Wells wrote during the development of English literary modernism in the early twentieth century, though he is not traditionally considered a modernist. The transition of this period from Victorian strictness into modernism’s conscious break with tradition parallels Wallace’s movement from his strict upbringing into the freedom and expression of the garden. Wallace’s practical ideals, instilled in him by his old-fashioned father, are very much Victorian ideals of utilitarian dedication to duty over desire. Following Queen Victoria’s death in 1901, Britain was eager to shake off the conservative structures of the past and embrace new outlooks on culture and politics. In the “Door in the Wall,” Wallace is a political figure in a time of great political change in Britain: in 1906, the Liberals took a significant majority in Parliament, formed the Labour Party, and created a welfare program. Characteristic of this generation was a form of British liberal optimism, emerging also from disillusionment with the attitudes of the Victorian era: the belief that science has so improved the quality of life that there is little left to discover. Wells was a supporter of this optimism at the time of writing “The Door in the Wall.”

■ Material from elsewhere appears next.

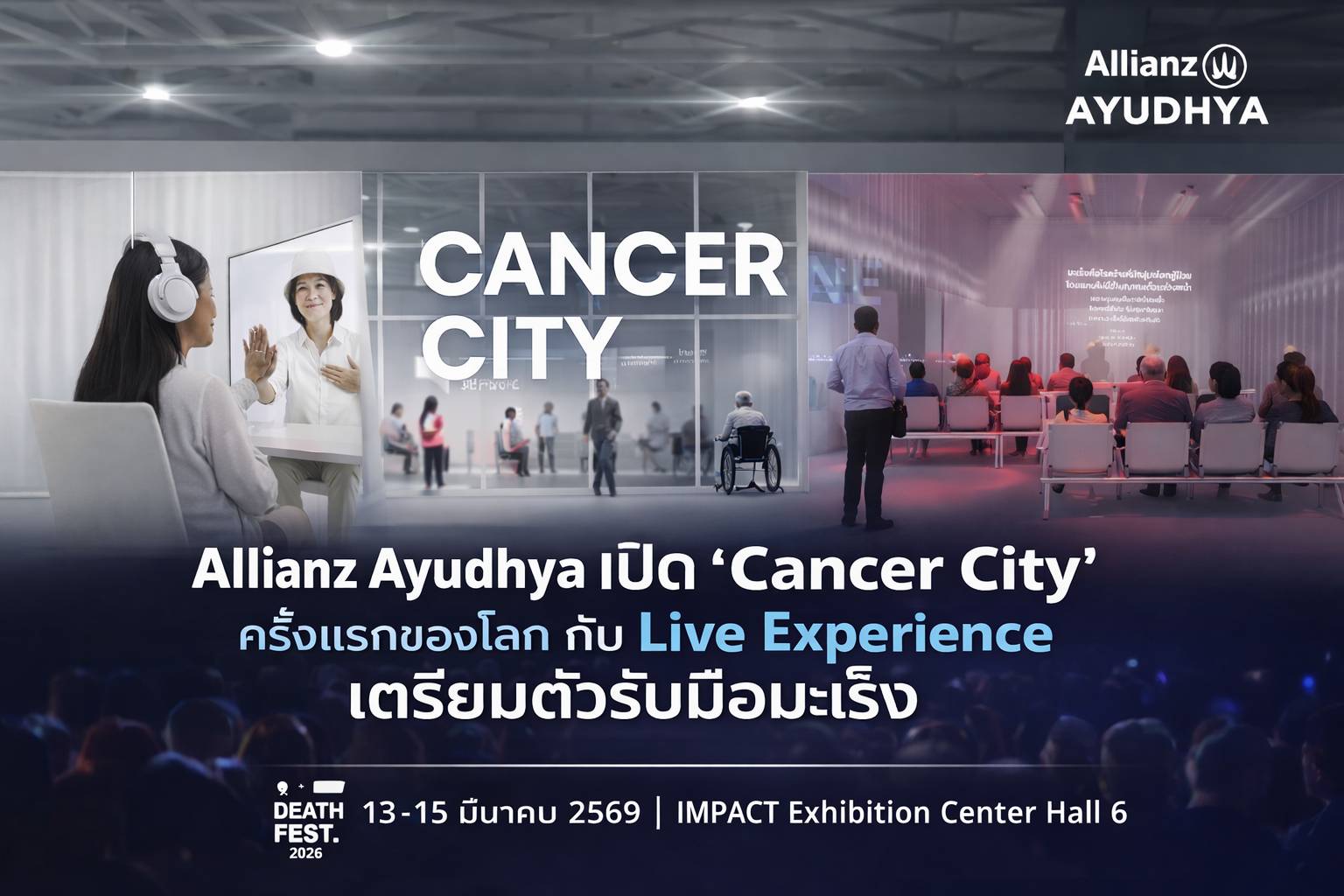 ทั้งนี้ การเข้าร่วมงาน Death Fest 2026 และกิจกรรม Cancer City Live Experience by Allianz Ayudhya สะท้อนบทบาทของอลิอันซ์ อยุธยา ในการสนับสนุนให้คนไทยมีความรู้ ความเข้าใจ และความพร้อมในการรับมือกับความเสี่ยงด้านสุขภาพ พร้อมส่งเสริมการวางแผนชีวิตและการดูแลสุขภาพอย่างยั่งยืน ผู้สนใจสามารถเข้าร่วมกิจกรรมได้ภายในงาน ระหว่างวันที่ 13 – 15 มีนาคม 2569 เวลา 09.00 – 19.00 น. ณ IMPACT Exhibition Center Hall 6

Other Books Related to The Door in the Wall

“The Door in the Wall” is not the first time Wells explored the idea of a young man who finds and loses a magical world. His 1901 short story “Mr. Skelmersdale in Fairyland,” like “The Door in the Wall,” is the tale of a regretful man unable to return to Fairy Land, and explores similar themes of a lost golden past and the conflict of ambition and contentment. Stories of doors to magical worlds—known as portal fantasies—are popular in children’s literature such as C. S. Lewis’s The Lion, The Witch, And the Wardrobe and Neil Gaiman’s Coraline. A modern portal fantasy series, Wayward Children by Seanan McGuire, tells the story of children like young Wallace, who experience a traumatic return to their real lives after experiencing a fantasy world and seek to find their doors again. As a pioneer of the science fiction genre, Wells inspired a number of authors, such as post-war author Arthur C. Clarke, and American science fiction legends Ray Bradbury, Isaac Asimov, and Ursula K. Le Guin. James Hilton’s Lost Horizon, the protagonist of which seeks to return to the peace of Shangri-La, also takes inspiration from “The Door in the Wall.”
Key Facts about The Door in the Wall
  • Full Title: The Door in the Wall
  • When Written: 1906
  • Where Written: England
  • When Published: The story was first published in the Daily Chronicle in 1906 and then reprinted in The Country of the Blind and Other Stories and The Door in the Wall and Other Stories in 1911.
  • Literary Period: Proto-Modernism
  • Genre: Short story, science fiction, fantasy
  • Setting: London
  • Climax: Wallace falls to his death in a railway construction site
  • Antagonist: Both Wallace’s ambition, which keeps him from the door in the wall, and the door itself which distracts him from fully engaging with his life.
  • Point of View: First person through the narrator Redmond

Extra Credit for The Door in the Wall

International fame. Wells became so well-known as an author and intellectual that he was able to meet with a number of world leaders to discuss policy throughout his life. He met Vladimir Lenin while in Russia in 1920, visited U.S. President Franklin D. Roosevelt in 1934, and interviewed Joseph Stalin in the Soviet Union in the same year.

The Father of Science Fiction. Wells is considered one of the founders of science fiction. He is also sometimes called “The Father of Futurism” because of his correct predictions of advancements and inventions not yet created when he wrote them. Some of these predictions include the automatic door, wireless communication, plane travel, space travel, and a uranium-based weapon similar to the atomic bomb.